The entries below are to be reproduced exactly, with their pictures omitted.

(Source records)
=== Begin Enclosure ===

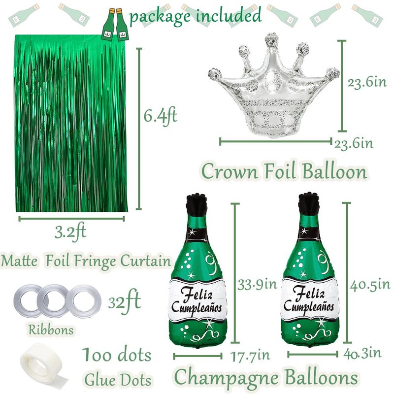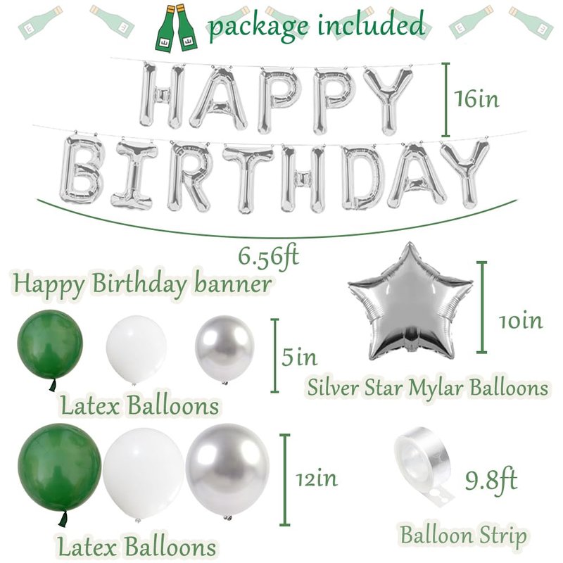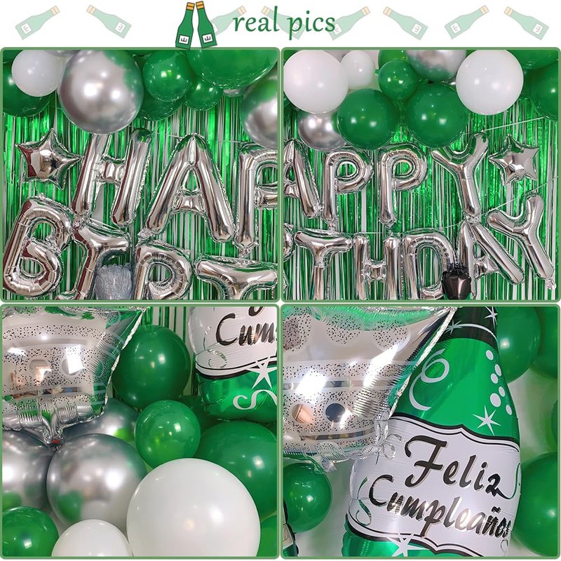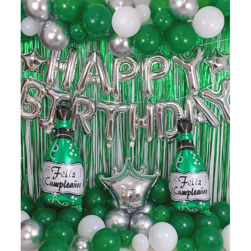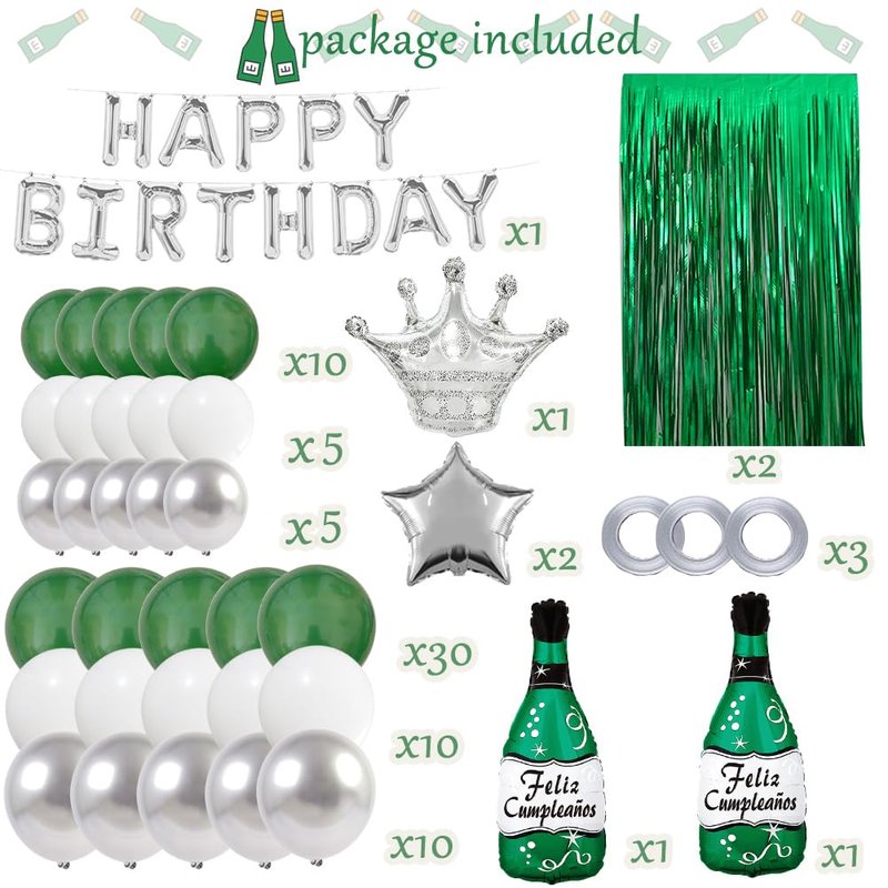 Green Birthday Party Decorations with Silver Happy Birthday Banner, White, Green and Silver Balloons Dark Green Champagne Balloon, Green Foil Fringe Curtain for Men Women Girls Boys Party Decor Supplies Package Includes: 1 PC Silver Happy Birthday Balloon Banner 40 PCS Emerald Green Balloons 15 PCS White Latex Balloons 15 PCS Silver Latex Balloons 2 PCS Silver Star Mylar Balloons 2 PCS Green Foil Fringe Curtain 1 PC Green Champagne Balloon 1 PC Forest Green "feliz cumpleanos" Bottle Balloon 1 PC Silver Crown Balloon, 1 PC I6.4ft Balloon Strip 1PC Glue Dots and 3 PCS Ribbons
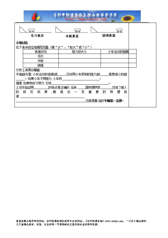 学习目标 1、 通过实验,确认阻力对物体运动的影响。
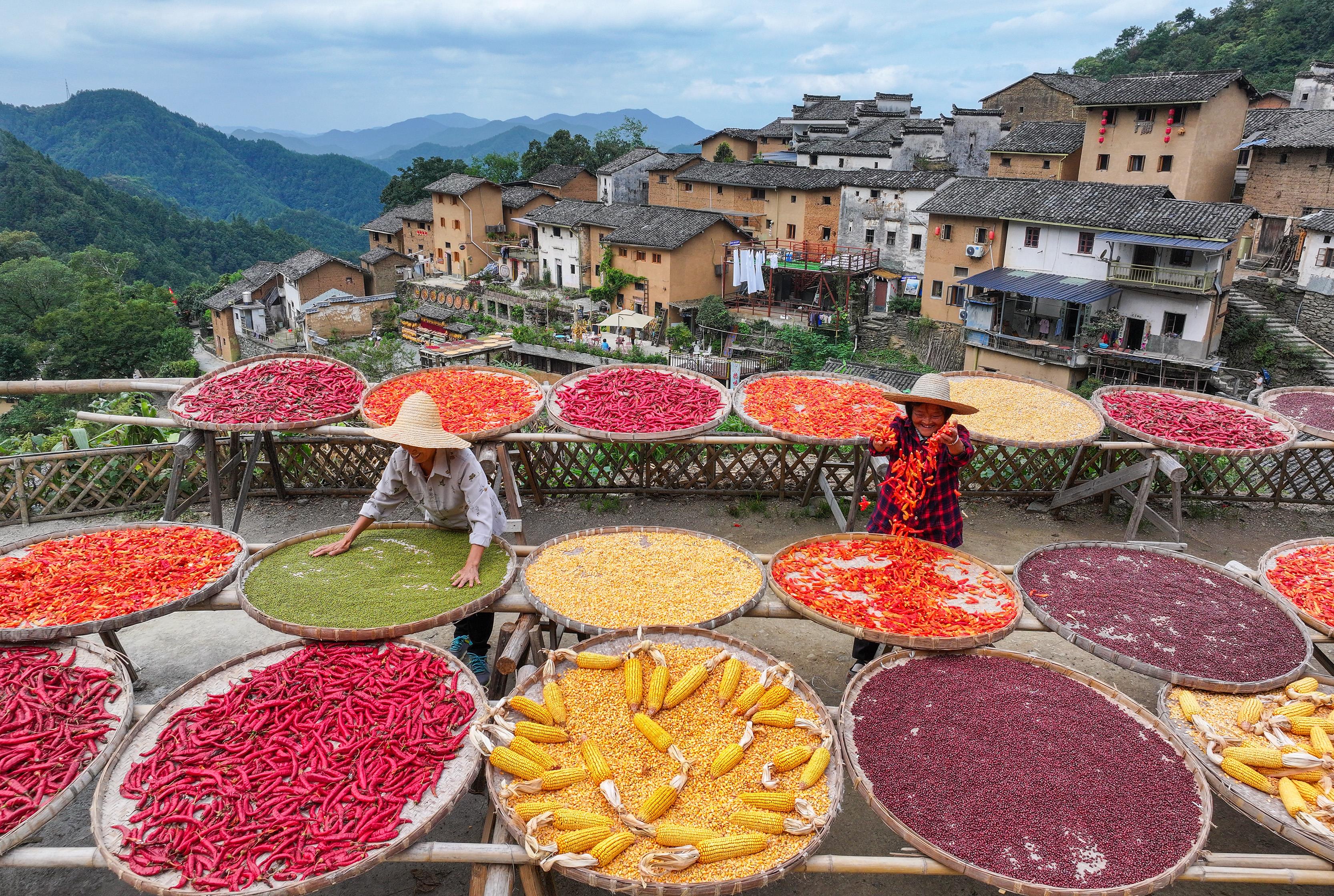 2024年9月22日,安徽省黃山市歙縣陽產(chǎn)村,村民正在土樓前晾曬農作物。
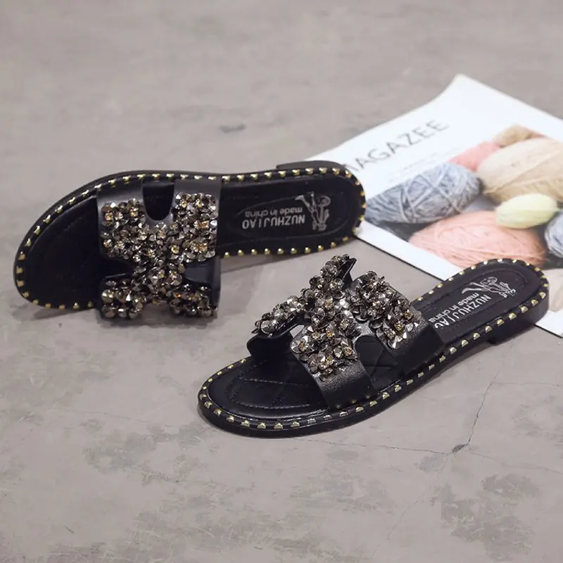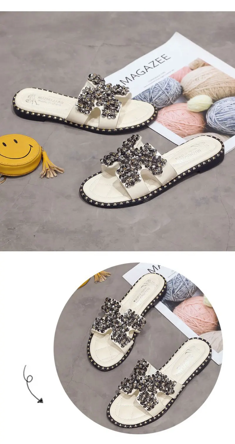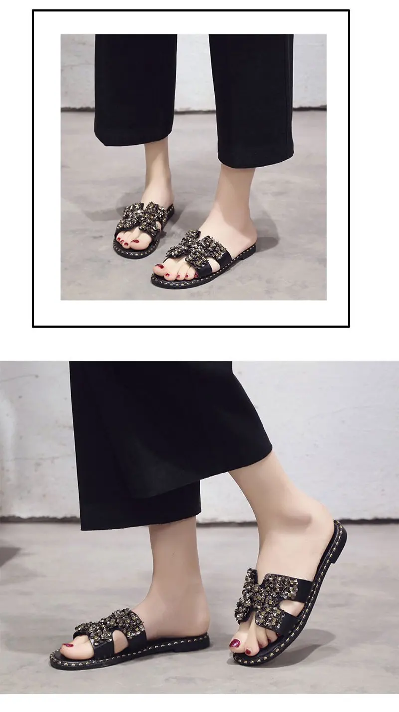 Women Slippers Shoes:Crystal Spring Summer Beach Women Flip Flops
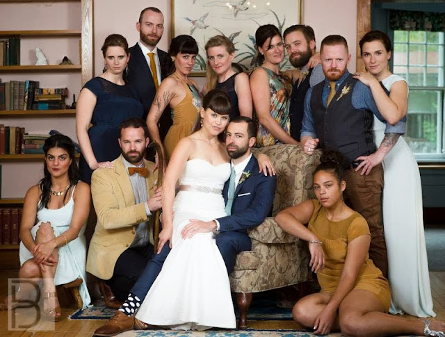 Another great example of how a bridal party wearing different dresses can still look totally unified. Bride Taralyn found dresses for each of her bridesmaids from Eve Gravel's Summer collection, while her groom and groomsmen are wearing ties and bow-ties from April Look. It is so fun to look at a group wedding shot and want to fully take it every single person's outfit. Doesn't this also look like a promo shot for the best & sexiest new HBO drama?
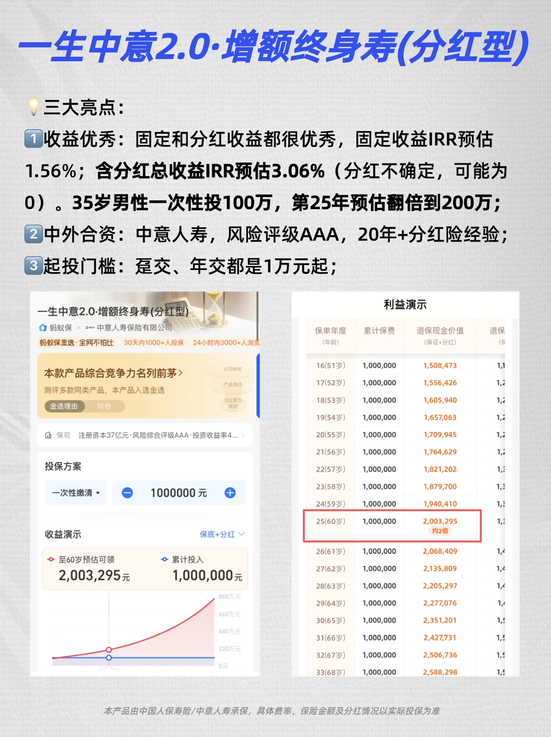 还有一款一生中意2.0·增额终身寿(分红型)也很优秀,这一款更像“想在扎实的基础上,再争取一点上行”的选择:

=== End Enclosure ===

**Problem solution:**
 Green Birthday Party Decorations with Silver Happy Birthday Banner, White, Green and Silver Balloons Dark Green Champagne Balloon, Green Foil Fringe Curtain for Men Women Girls Boys Party Decor Supplies Package Includes: 1 PC Silver Happy Birthday Balloon Banner 40 PCS Emerald Green Balloons 15 PCS White Latex Balloons 15 PCS Silver Latex Balloons 2 PCS Silver Star Mylar Balloons 2 PCS Green Foil Fringe Curtain 1 PC Green Champagne Balloon 1 PC Forest Green "feliz cumpleanos" Bottle Balloon 1 PC Silver Crown Balloon, 1 PC I6.4ft Balloon Strip 1PC Glue Dots and 3 PCS Ribbons
 学习目标 1、 通过实验,确认阻力对物体运动的影响。
 2024年9月22日,安徽省黃山市歙縣陽產(chǎn)村,村民正在土樓前晾曬農作物。
 Women Slippers Shoes:Crystal Spring Summer Beach Women Flip Flops
 Another great example of how a bridal party wearing different dresses can still look totally unified. Bride Taralyn found dresses for each of her bridesmaids from Eve Gravel's Summer collection, while her groom and groomsmen are wearing ties and bow-ties from April Look. It is so fun to look at a group wedding shot and want to fully take it every single person's outfit. Doesn't this also look like a promo shot for the best & sexiest new HBO drama?
 还有一款一生中意2.0·增额终身寿(分红型)也很优秀,这一款更像“想在扎实的基础上,再争取一点上行”的选择:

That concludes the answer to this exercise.